Question

Two water taps can fill a tank in $9\dfrac{3}{8}$hours. The tap of larger diameter takes 10 hours less than the other one to fill the tank separately. Find the time in which each tap fills the tank separately.

Answer 1

Hint: To solve this problem, we should know the concept of volume filled vs hours problems. A tap or combination of taps can fill the tank in x hours means that the tap or combination of taps can fill $\dfrac{1}{x}$ portion of the tank in 1 hour. Let the smaller tap fill the tank in $x$ hours. The larger one fills the tank in $x-10$ hours and we can write the portions done by them individually in 1 hour. From the above statement, we can write that both the tanks fill the $\dfrac{8}{75}$ portion of the tank in 1 hour. We know that the sum of individual works in one hour will be equal to the work done by both of them simultaneously in one hour. Using the above values, we can find the required times.

Complete step by step answer:
We are given that two taps fill the tank in $9\dfrac{3}{8}=\dfrac{72+3}{8}=\dfrac{75}{8}$ hours. We know that a tap or combination of taps can fill the tank in x hours means that the tap or combination of taps can fill $\dfrac{1}{x}$ portion of the tank in 1 hour. Using this, we can write that both the taps fill $\dfrac{8}{75}$ portion of the tank in 1 hour working simultaneously.
Let us consider that the smaller tap fills the tank in $x$ hours. From the question, we can write that the larger one fills the tank in $x-10$ hours. From the above statement, we can write that
Smaller tap fills the $\dfrac{1}{x}$ portion of the tank in 1 hour.
Larger tap fills the $\dfrac{1}{x-10}$ portion of the tank in one hour.
We know that the sum of individual works in one hour will be equal to the work done by both of them simultaneously in one hour. Using this, we can write that
$\dfrac{1}{x}+\dfrac{1}{x-10}=\dfrac{8}{75}$
Taking L.C.M and solving, we get
$\begin{align}
  & \dfrac{x-10+x}{x\left( x-10 \right)}=\dfrac{8}{75} \\
 & \dfrac{2x-10}{x\left( x-10 \right)}=\dfrac{8}{75} \\
\end{align}$
Cross multiplying gives
$\begin{align}
  & 75\left( 2x-10 \right)=8\left( {{x}^{2}}-10x \right) \\
 & 8{{x}^{2}}-80x-150x+750=0 \\
 & 8{{x}^{2}}-230x+750=0 \\
 & 4{{x}^{2}}-115x+375=0 \\
 & 4{{x}^{2}}-100x-15x+375=0 \\
 & 4x\left( x-25 \right)-15\left( x-25 \right)=0 \\
 & \left( x-25 \right)\left( 4x-15 \right)=0 \\
 & x=25,\dfrac{15}{4} \\
\end{align}$
As both the values $x,x-10$ should be positive, we can take the value of x to be $x=25$
The larger tap takes $x-10=25-10=15$ hours to fill the tank individually.

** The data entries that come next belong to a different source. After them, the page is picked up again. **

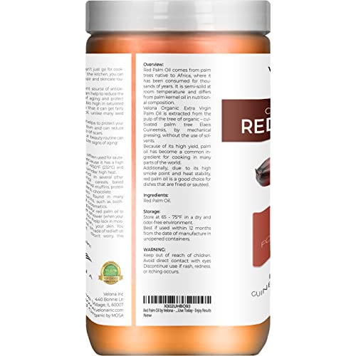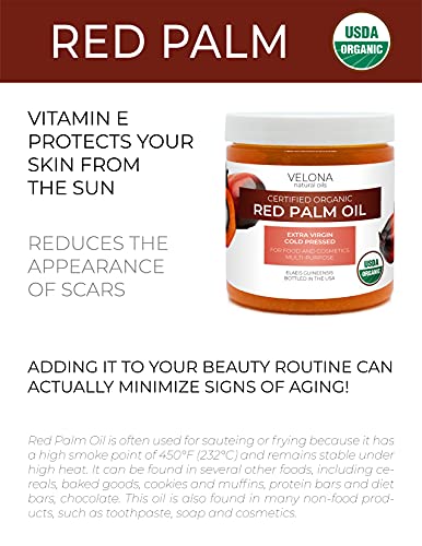 velona USDA Certified Organic Red Palm Oil 32 oz | Food and Cosmetic Grade | in jar | Extra Virgin, Cold Pressed | Skin, Face, Body, Hair Care | Use Today – Enjoy Results
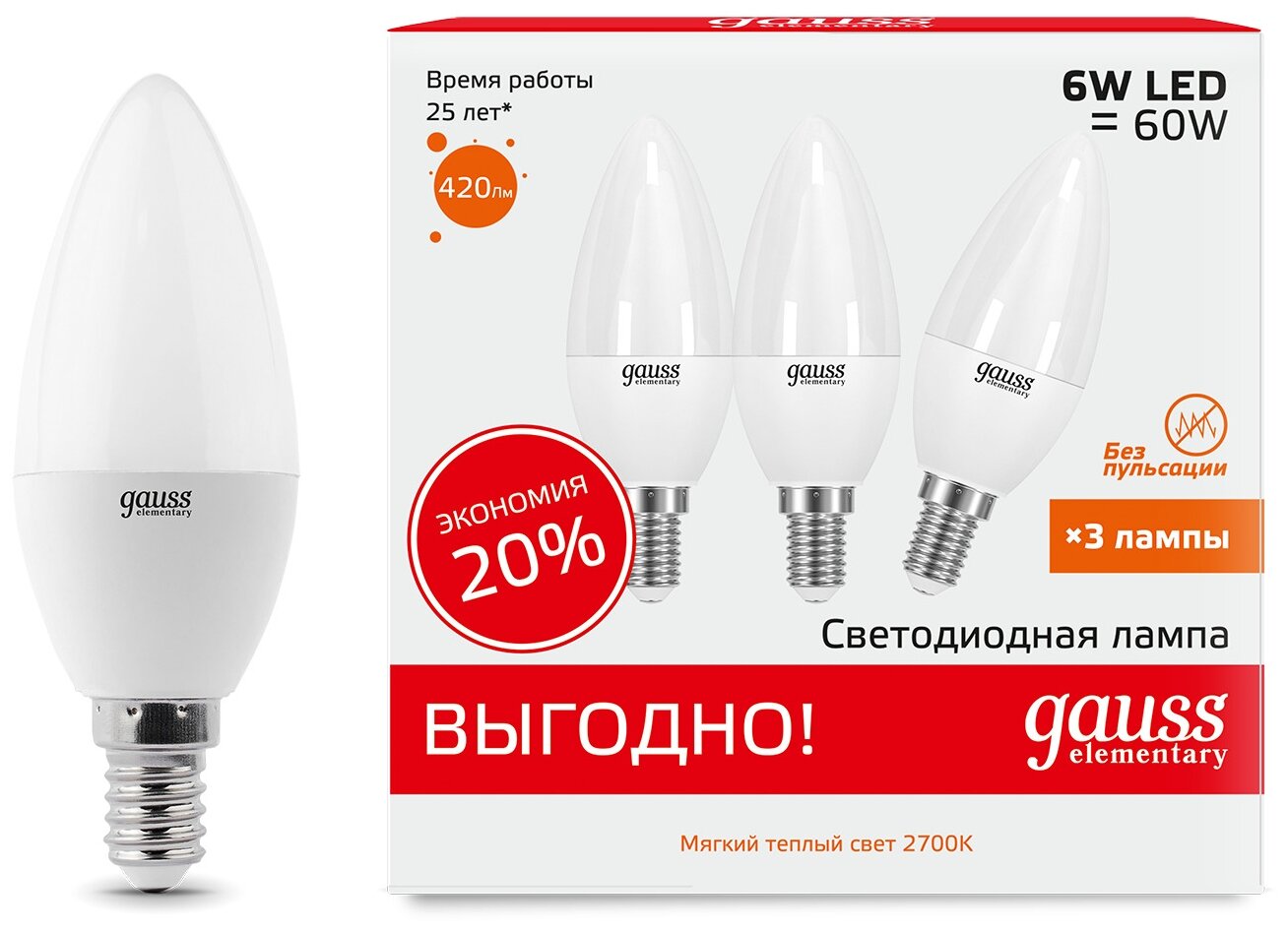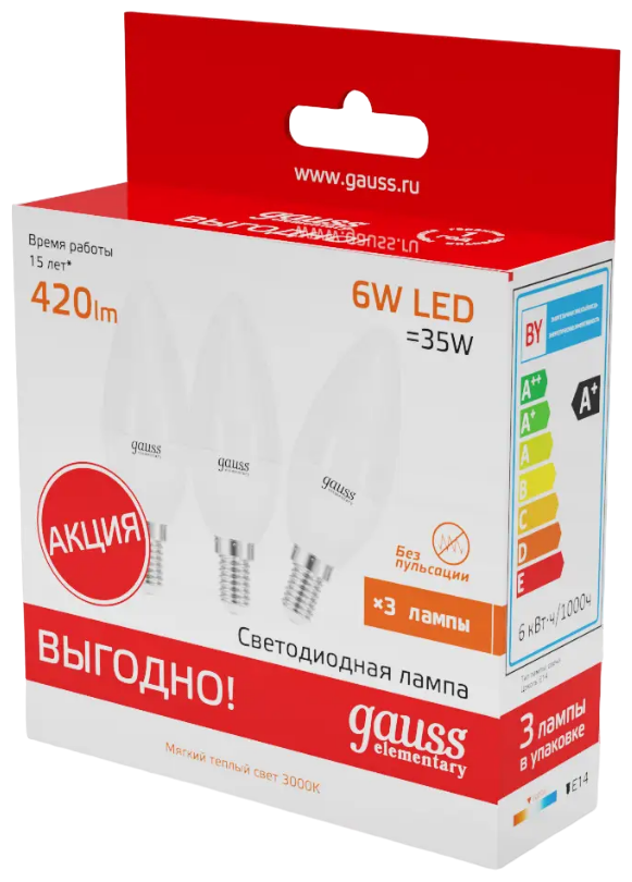 Светодиодная лампа Gauss Elementary Свеча 6W 420lm 3000K E14 (3 лампы в упаковке) LED 1/40 33116T подойдет как для домашнего, так и для коммерческого использования. Такой тип освещения прекрасно смотрится в светильниках без плафонов или устанавливается в люстры и бра. Равномерный спектр света создает зрительный комфорт в любом помещении.
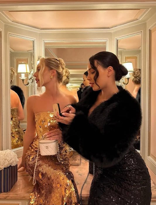 Shiny Sequined Tulle Sleeves Sweetheart Strapless Prom Dress
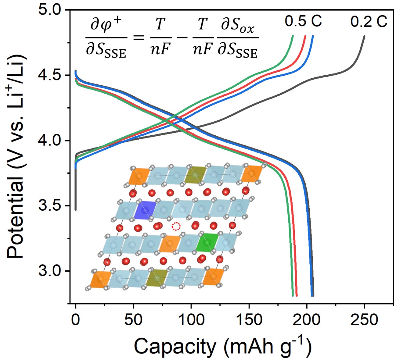 尽管氯化物SSE在高电压下表现出良好的稳定性(~4.3 V),但要与如NMC等高电压正极材料匹配,进一步提升其高电压稳定性(> 4.5 V)仍是挑战。常见的F掺杂虽然能够提高电解质的高电压稳定性,但由于F的高电负性,通常会降低离子电导率,导致ASSBs的电化学性能下降。近年来,高熵材料因其可调控的化学组成和独特的性能广泛应用于各个领域。在SSEs中引入高熵策略,通过化学无序和局部晶格畸变,能够有效提升离子电导率。据报道,高熵策略有助于抑制氯化物SSEs的氧化动力学,增强其与正极(LCO)的匹配性。然而,目前能够稳定至4.8 V的氯化物SSEs仍然稀缺,且在高电压下的循环寿命不足。开发兼具高电压稳定性和高离子电导率的SSEs,是实现高能量密度和长寿命ASSBs的关键。
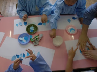 年少組では、あめつぶをたくさん画用紙に貼っていました。

$\therefore $ The times required for smaller tap and larger tap to fill the tank separately are $25\text{ and 15}$ hours respectively.

Note: Some students make a mistake while concluding the answer. Instead of writing the answer as 25,15 hours they write that 25, 35 hours. So, it is always a good practice to check back the answer that we get in these types of questions. Checking the solution, we get $\dfrac{1}{25}+\dfrac{1}{15}=\dfrac{15+25}{15\times 25}=\dfrac{40}{15\times 25}=\dfrac{8}{75}$ which is the initial assumed value. Like this, we should verify the answer that we get with the values given in the question.